Графиня нахмурилась, и Амалия, заметив это, неодобрительно покачала головой.

– Сударыня, если мы обе хотим одного и того же – чтобы мадемуазель Делорм завершила свои бесплодные поиски и оставила нас в покое, нам надо сказать ей хоть что-то, что сумеет ее убедить… Она вовсе не глупа, и история с обвинением Егора Домолежанки ее не устраивает. – Гостья молчала, недоверчиво глядя на хозяйку дома, а та меж тем вкрадчиво продолжала: – Вы знали Сергея Петровича, знали жену своего брата и уж, вне всяких сомнений, знали Луизу Леман. Простите, но я ни за что не поверю, что вам неизвестно, кто именно совершил убийство.

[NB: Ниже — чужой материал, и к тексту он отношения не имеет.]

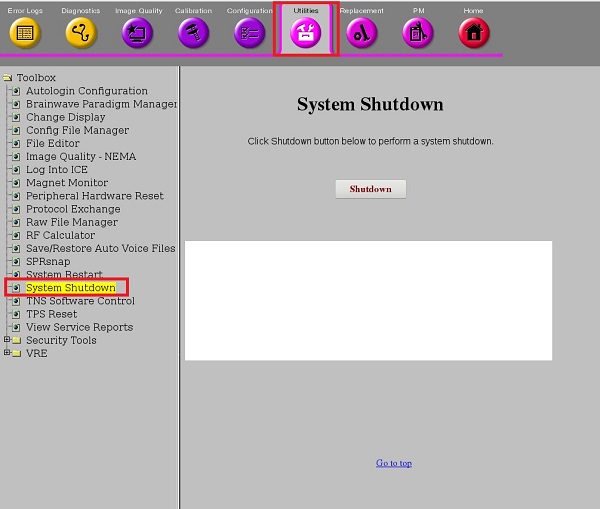 Object ID: 00000018WIA30FB0F80GYZTopic ID: id_40025694 Version: 1.2Date: Jun 23, 2022 3:22:13 AMSystem shutdown About this taskUse these steps to turn off the system in an emergency when you want to skip the 60 minute cool down time.Step-by-step instructionsIn the header area of the screen, click the Tools icon .In the System Management work area, click the Service Desktop Manager tab.In the Service Desktop Manager, click Service Browser.In the MR Service Desktop screen, click the Utilities tab. Figure 1. MR Service Desktop tabs area Select System Shutdown. Figure 2. System Shutdown on Utilities tab Complete the steps in Extended shutdown. To restart the system, follow the steps in Startup from an extended shutdown. Wait 60 minutes after the startup before you start to scan. Not waiting the 60 minutes could impact image quality.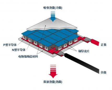 现在,普遍商业化的半导体制冷片以碲化铋基为主(碲化铋为基材,做不同的掺杂形成P级和N级),帕尔帖效应更明显,相应的制冷效率更高。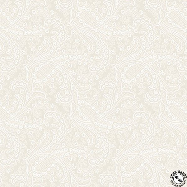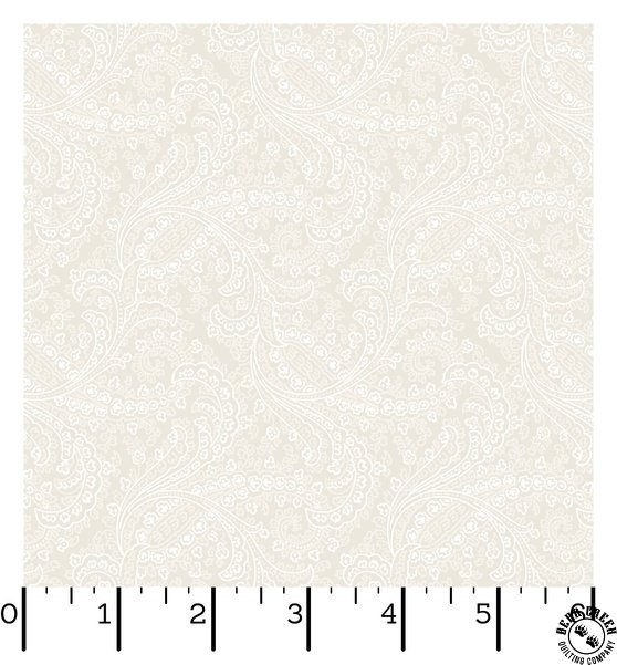 Daybreak  features intricate paisley patterns in a serene blend of soft cool grays and warm taupes, creating a delicate balance of warm and cool neutrals. The designs evoke the peaceful feeling of spending a quiet day in a shady spot with soft breezes and a good booklight, airy, and tranquil. The intricate patterns, combined with earthy soothing colors, bring a gentle elegance to any sewing project, whether for a lap quilt to relax under or a calming home accessory.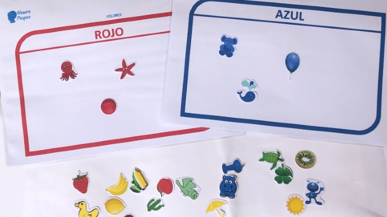 La idea es poder clasificar los dibujos en cada lamina según el color. Aunque también se puede clasificar los dibujos según categoría (animales, frutas…).
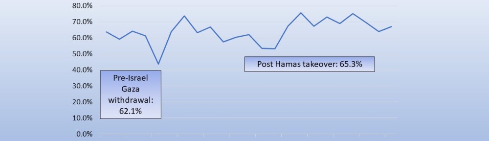Gazans are deeply supportive of Hamas and their wars against the Jewish State. Palestinians elected Hamas to 58% of the Palestinian parliament in 2006. In polls since 2007, a majority of 65% of Gazans support killing Israeli civilians. Hundreds of regular Gazans participated in the October 7 slaughter and a post-October 7 Massacre poll of Gazans showed 64% supported the attack and 60% support Hamas.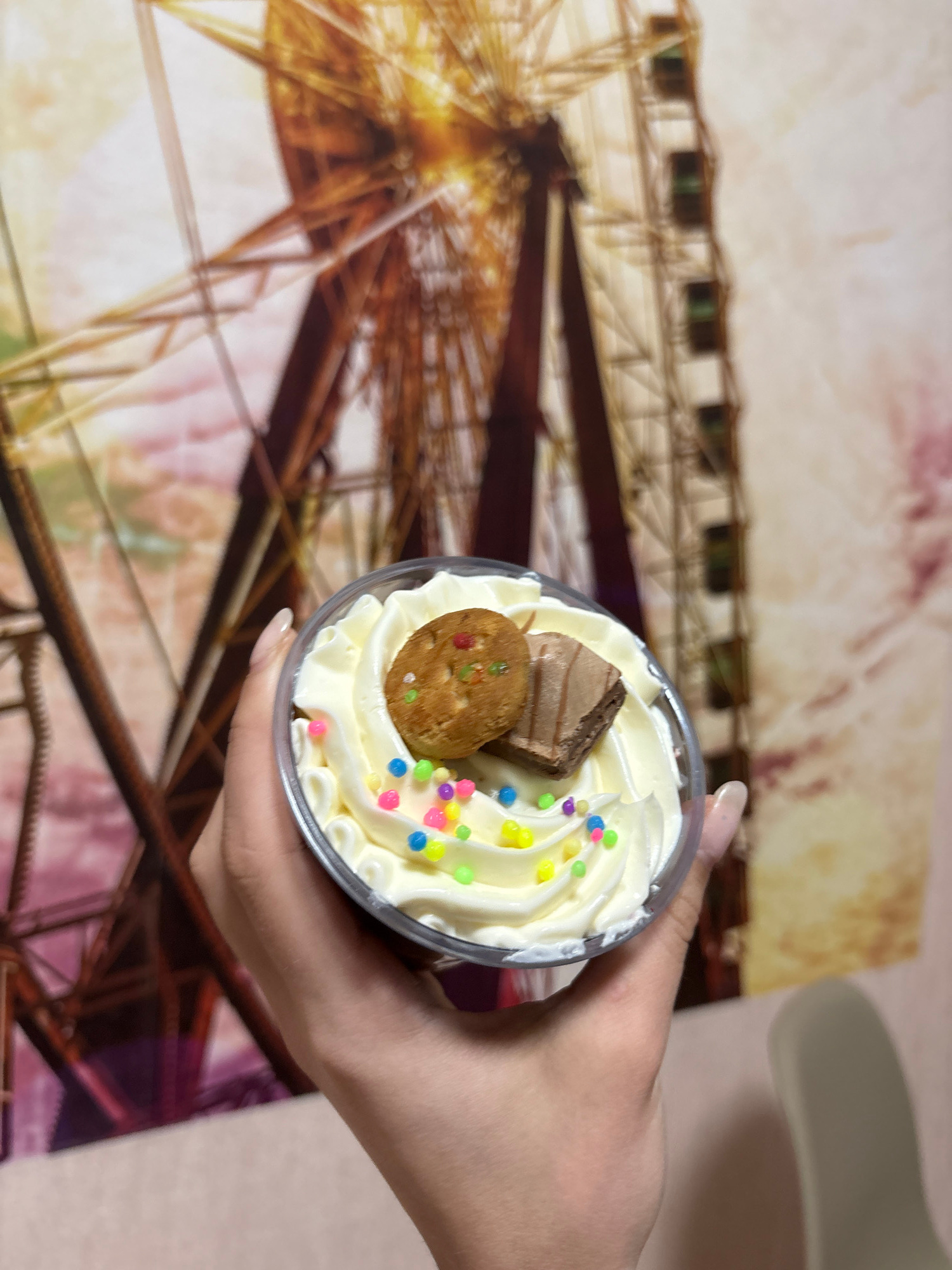 A person is holding a clear plastic cup filled with white, swirled whipped cream, topped with a piece of chocolate and a small cookie with sprinkles, and garnished with colorful sprinkles. The backgro…read more

– Вы так говорите, как будто мне хотелось это знать, – сердито промолвила Ольга Антоновна. Она достала темный веер, раскрыла его и стала им обмахиваться. Движения у нее были резкие, как у человека, чью совесть растревожили.

«Еще немного надавить на нее, и она сдастся», – мелькнуло у Амалии в голове.

– А разве нет? – спросила вслух баронесса фон Корф. Внимательно следя за своей собеседницей, она продолжала мягко, но настойчиво гнуть свою линию. – По-моему, куда хуже терзаться сомнениями. Ведь вы наверняка тысячу раз обсуждали с Надин и Сергеем Петровичем все случившееся, я уж не говорю о других людях, о вашем брате, например…

– Хотите поговорить о моем брате? – Графиня сверкнула глазами. – Что ж, госпожа баронесса, поговорим! Мой брат был добрый, безвольный, несчастный человек. Что бы вам о нем ни рассказывал Сергей Петрович, Виктор был хороший, но жена и это проклятое убийство уничтожили его. Когда он узнал, что Надин изменяет ему, он стал пить, а когда убили Луизу Леман, он сломался окончательно. Он умер, потому что не вынес позора, на который обрекли его и его семью. И точно так же, не вынеся позора, умерла мать Сергея Петровича, которой со всех сторон твердили, что ее сын – убийца…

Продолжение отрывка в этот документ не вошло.